BEGIN DATASET CONTENT

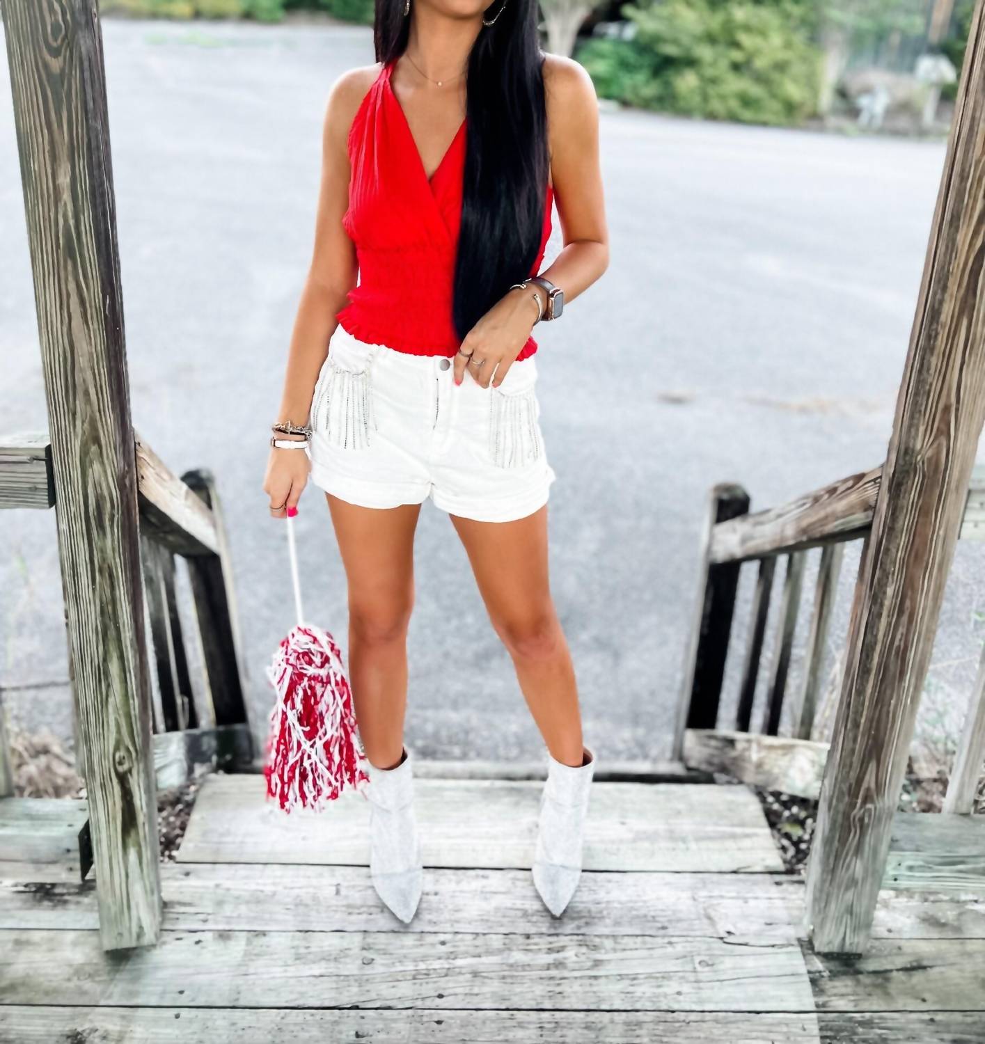 The perfect crop top for those warmer weather days. Introducing the Loved By You Top by Entro, a vibrant red piece designed to elevate your summer wardrobe. This sleeveless crop top features a flattering V-neck and a smocked waist with a self-tie closure at the back of the neck. Crafted from a lightweight, breathable blend of 80% Rayon and 20% Nylon, it ensures comfort on sunny days. This non-sheer, lined top is perfect for summer adventures and is modeled by a 5'6" individual wearing a size small.
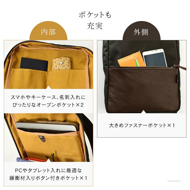 質・デザイン・作り。すべてを大人のビジネスウーマン向けに特化して作られた、お仕事用のビジネスリュック。スーツにかっこよく馴染む1本を、日本のデザイナーが一生懸命考え、国内で仕上げた逸品。ポケットが細かく分かれているので、荷物の整理整頓もしやすく、リュック本体を開けた時に、荷物が非常に見やすくなっています。
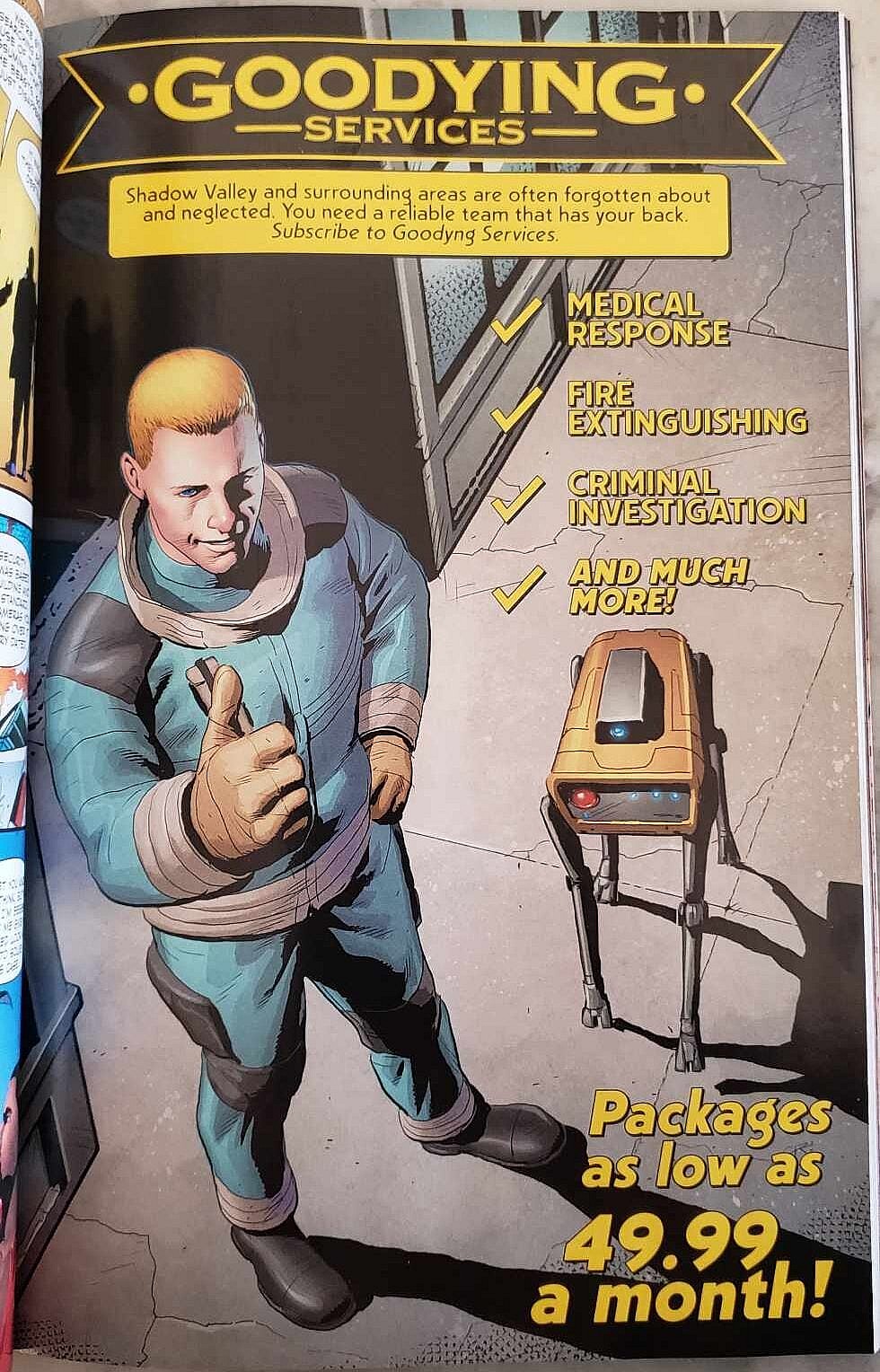 Goodyng is a character that played a prominent role in the recently released Isom #2. The character runs his own private business called Goodyng Services that provides a number of various services from medical response, fire extinguishing, criminal investigation, and more.
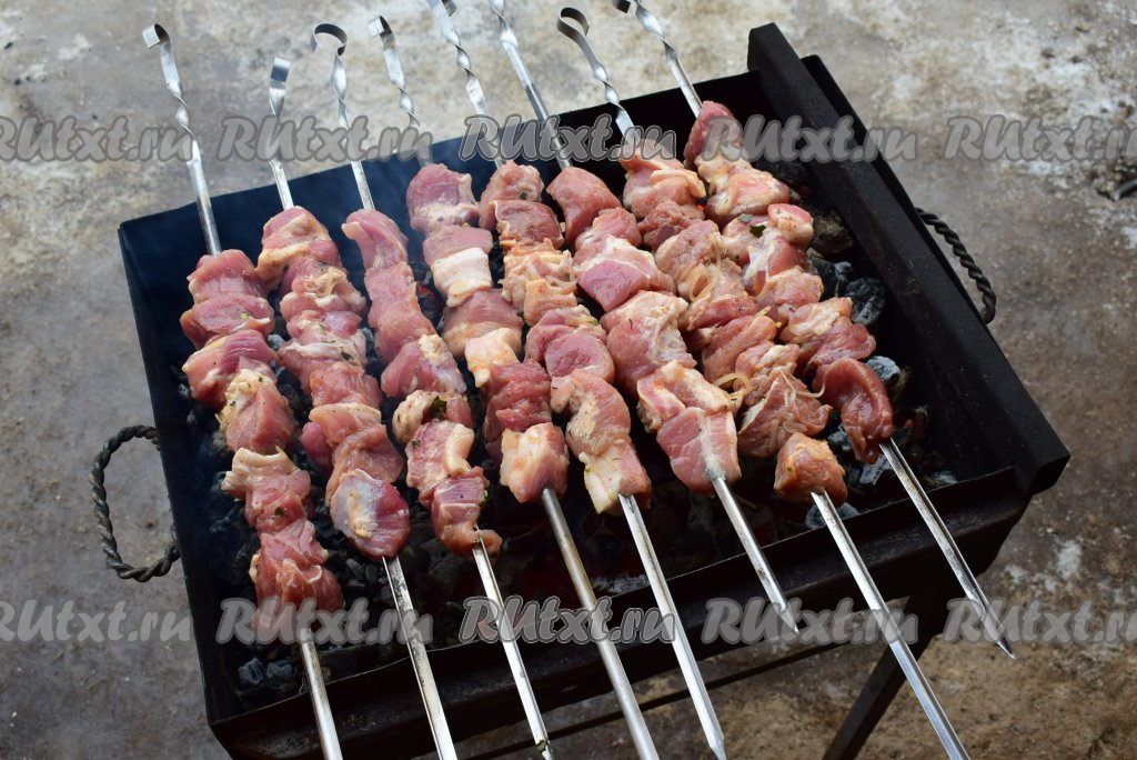 Замаринованное мясо для шашлыка нанизывайте на шампуры. Шашлык жарить следует на седых углях, без прямого огня. Жар должен быть хорошим. Шашлык готовим, периодически переворачивая шампуры, стараясь равномерно прожарить мясо со всех сторон. Готовность лучше всего определять, надрезав ножом кусочек мяса и посмотрев на надрез - он должен быть без розовых вкраплений.

END DATASET CONTENT

**TASK BRIEF:**
The pictures should not be reproduced; quote all of the other material exactly.

**WRITTEN REPLY:**
 The perfect crop top for those warmer weather days. Introducing the Loved By You Top by Entro, a vibrant red piece designed to elevate your summer wardrobe. This sleeveless crop top features a flattering V-neck and a smocked waist with a self-tie closure at the back of the neck. Crafted from a lightweight, breathable blend of 80% Rayon and 20% Nylon, it ensures comfort on sunny days. This non-sheer, lined top is perfect for summer adventures and is modeled by a 5'6" individual wearing a size small.
 質・デザイン・作り。すべてを大人のビジネスウーマン向けに特化して作られた、お仕事用のビジネスリュック。スーツにかっこよく馴染む1本を、日本のデザイナーが一生懸命考え、国内で仕上げた逸品。ポケットが細かく分かれているので、荷物の整理整頓もしやすく、リュック本体を開けた時に、荷物が非常に見やすくなっています。
 Goodyng is a character that played a prominent role in the recently released Isom #2. The character runs his own private business called Goodyng Services that provides a number of various services from medical response, fire extinguishing, criminal investigation, and more.
 Замаринованное мясо для шашлыка нанизывайте на шампуры. Шашлык жарить следует на седых углях, без прямого огня. Жар должен быть хорошим. Шашлык готовим, периодически переворачивая шампуры, стараясь равномерно прожарить мясо со всех сторон. Готовность лучше всего определять, надрезав ножом кусочек мяса и посмотрев на надрез - он должен быть без розовых вкраплений.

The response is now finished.